Alice turned back to her. Probably better, she told herself firmly, that the woman tell her all this. She was going to have to tell someone, and better her than one of the woman’s children. There were things your children should never hear. She’d forgotten the woman’s name. That was awful, and now surely irreparable.
‘That’s all right,’ Alice said. ‘It’s better that you tell someone.’
‘Yes,’ Katherine said. ‘That’s right. It’s better I tell someone like you all this rather than the children.

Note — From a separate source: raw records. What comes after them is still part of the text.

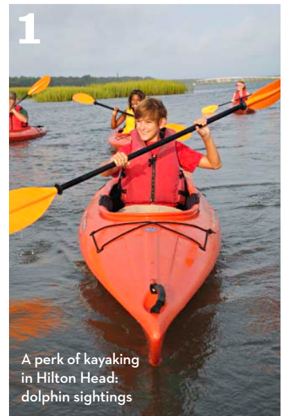
A perk of kayaking in Hilton Head: dolphin sightings

treatments, such as bamboo massage. (Rooms with two queen beds start at $169 per night; omnihotels.com.) If you're torn between staying at a resort or a renting a house, consider a villa at Disney's Hilton Head Island Resort, also in Palmetto Dunes. Each villa has a full kitchen, separate sleeping area for the kids, and many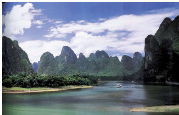
Fig. 1: The famous towerkarst of Guilin in China is famed for its beauty

Many karst systems are places of striking, even sublime beauty (Burke 1756). In turn this is coupled, for many people, with a genuine sense of spirituality. Most such landscapes thus have extremely important cultural values that may even have persisted continually since the Neolithic.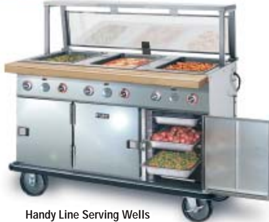
Handy Line Serving Wells with heated base compartments for 12" x 20" pans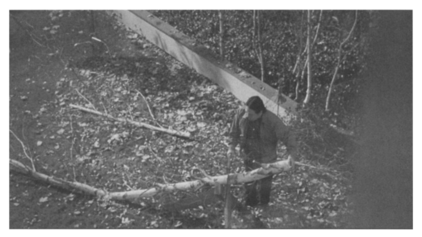
Figure 7. Neither black nor white: Cathy's new, ethnically ambiguous gardener in Todd Haynes's Far from Heaven (Focus Features, 2002).

moral lessons. Rather, Far from Heaven's untimeliness owes to the fact that its moral lessons—its clichéd brand of antiracism, its injunctions to tolerance and inclusion of "others"—belong to the past as well. That was a time when the United States was, in the words of George Fredrickson, an "overtly racist regime," when the battles for rights and recognition from the state was a live one, when discrimination by individuals looked like both cause and effect of social inequality and injustice, when legal segregation was the paradigmatic form of intolerance. The public consensus on these issues has undeniably shifted, although we may still feel dissatisfied with the current state of things.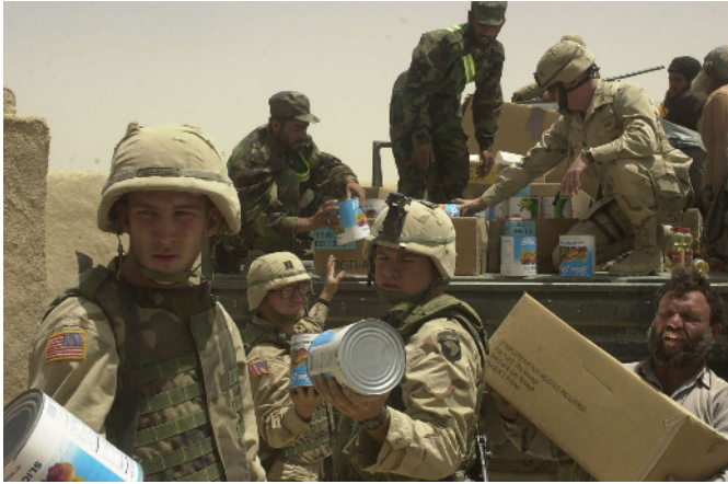
Soldiers deliver food and supplies in Afghanistan.

The United States has been encouraging other donors to increase their reconstruction and humanitarian assistance to Afghanistan. At the donors conference in January 2002 in Tokyo, the international community pledged $4.5 billion for Afghanistan, including humanitarian and reconstruction assistance. Donor pledges varied from one to five years. Since then, additional pledges have pushed the total commitment to $5 billion.

Or a neighbour.’
‘Yes,’ Alice said, startled. ‘Of course, I am a neighbour now.’
‘Yes,’ Katherine said. ‘Yes, I suppose you are.’

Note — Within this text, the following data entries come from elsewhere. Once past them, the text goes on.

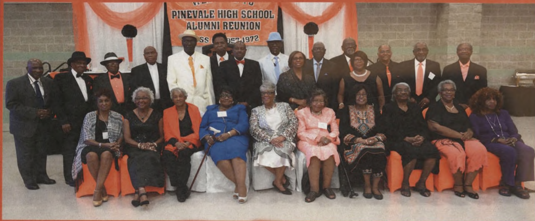
Pinevale Class of 1962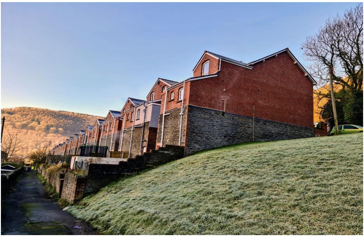
Rear Elevations of George Street.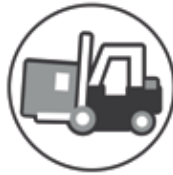
Inventory & Logistics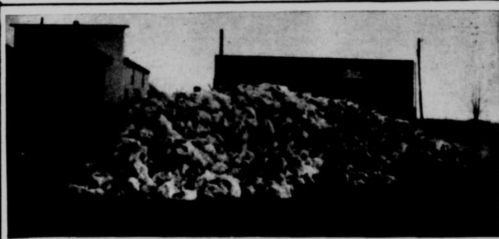
A MOUNTAIN OF RABBITS. Picturing one-half of the biggest bag of jack rabbits ever taken in North Dakota. This is one of two piles of slain bunnies (7,250 in all), the result of a three-day hunt staged by men at New England, N. D., near Bismarck.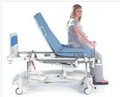
Chair position with handgrips and step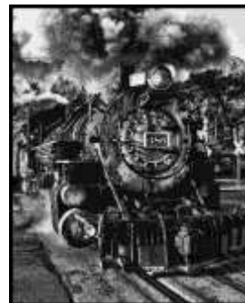
Pufferbelly Rolling Charles Taylor APSA

‘Listen,’ Alice said. ‘Do you mind if I ask you something directly, because—’
‘Depends what it is,’ Katherine said, smiling, wiping her face with a tea towel – the Beauties of Chatsworth, Alice registered irrelevantly. There was something cheeky in her recovering voice; it wasn’t true, Alice thought, that you saw what people were really like only in a crisis.
‘You don’t have to tell me anything at all,’ she said. ‘You really don’t. But is that really the whole story?’
‘The whole story?’
‘I meant about Nick,’ Alice said. ‘Nick? That’s his name?’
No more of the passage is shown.